Devin, finance director, presented the first introduction of the fiscal year 2026 budget to the Finance Committee on Sept. 17, saying the draft is focused on the general fund and is balanced against expected revenues. The packet shows anticipated general fund revenues "just a little over $8,500,000" and appropriations "just a little bit short of $8,500,000," with remaining capital project adjustments to be refined at subsequent meetings.
Devin said municipal income tax collections are conservatively estimated at $6.2 million for 2026 (staff estimate), noting the city is currently on pace to collect about $6.4 million year-to-date. She highlighted a proposal to add roughly $50,000 to fines/licenses/permits revenue by implementing permit fees currently not collected (fencing, patios and similar permits), based on an intern review that found about 1,100 permit requests processed over 2½ years with roughly 60% having no fee attached. Devin said the city will bring an ordinance to council to implement a fee structure, then use those revenues to hire a permit specialist: "Once we have that in place, we'll begin to collect the revenue and then hire a permit specialist who'll be funded again with the monies associated with that."

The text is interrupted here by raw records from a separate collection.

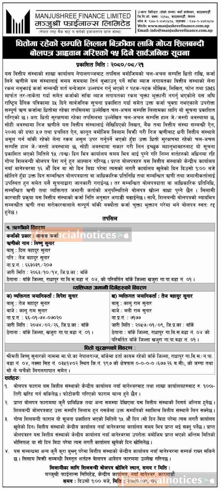 धितोमा रहेको सम्पत्ति लिलाम बिक्रीबारे मञ्जुश्री फाइनान्सको १५ दिने सूचना -
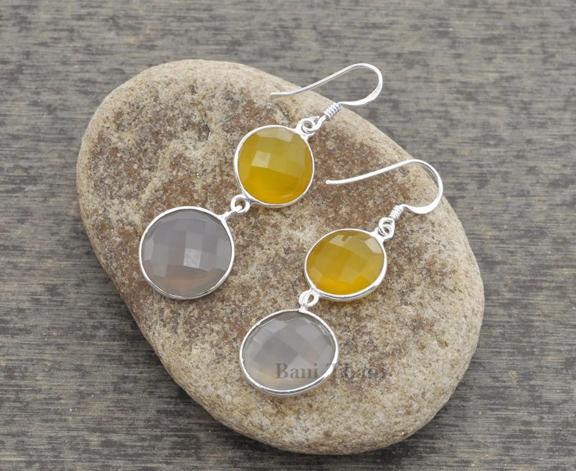 Yellow Chalcedony 12mm and Grey Chalcedony 15mm Round Gemstone Drop Earrings, 925 Sterling Silver Earrings, Hook Earrings, Dangle Earrings
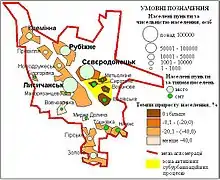 | Чинники зростання агломерації | великий паливо-енергетичний центр, перепуття головних транспортних шляхів, хімічна і машинобудівна промисловість, доступність води річки Сіверський Донець. |

On personnel and departmental changes, the FY26 draft includes one new full-time patrol officer for the police department (moving from nine to ten officers), retention of a policy analyst position (vacant on the books), and a part-time administrative support position for mayor's court. Devin cited a comparative staffing review with neighboring jurisdictions (Powell, Delaware, Plain City, Johnstown, New Albany) showing Sunbury lags in officers per square mile and has about 1.8 officers per thousand residents compared with higher ratios in some neighbors; she said staff will analyze officer time and calls for service next year to better understand workload.
Planning and zoning proposals include funding to complete a zoning code update (started this year) and to update the comprehensive plan (last updated in 2016). Devin said funding for open-government software (OpenGov) is included. The mayor and administration category shows a significant increase in contractual services (driven by anticipated engineering and legal fees for major capital projects such as the Little Walnut Creek extension and State Route 37 widening); Devin said some of those upfront costs will be reimbursed by grants or by special-area funds (NCA) later.
Devin and other staff also proposed bringing some engineering inspection work in-house. She said the budget includes funding in the contract services bucket to pay for inspection services for capital projects now, but the plan is to create an in-house engineering inspector position and repurpose existing inspection-fee revenues that the city currently pays to contractors. "The goal here is to establish our own engineering inspector, use those existing inspection fees that we would currently send to a contractor and basically do that in house," Devin said.
Sewer fund items will be handled in the sewer (enterprise) fund. Devin said two existing collection positions will be redefined so one is classified as a plant attendant and there is a proposed Class 2 licensed operator position (assistant plant operator) to meet Ohio EPA staffing requirements; she said employees at Class 1 are working toward Class 2 licensure and the new position carries no net operational staffing increase in the general fund.
Other budget topics discussed included: creating separate reserve funds for inside millage receipts that the city wants to hold until millage reduction decisions are finalized with the county budget commission; funding for council strategic planning and possible minor council salary adjustments tied to PERS credit requirements; continued use of RETA (regional income tax agency) services at a typical administrative fee (estimated at 3% of budgets); and refining mayor's court cost allocation between police and mayor's court budgets.
Committee members recommended an earlier utility-rate study for sewer and water to ensure rates cover large capital projects (Little Walnut Creek interceptors and other upcoming works). Staff said the capital-budgeting process will be presented at future meetings and that transfers and the $1.6 million-odd transfer totals will be populated after the capital spending plan is finalized. No committee vote was taken; staff will return with refined capital numbers, a permit-fee ordinance for council consideration, wage/salary structure adjustments, and further detail on inspection staffing and utility-rate analyses.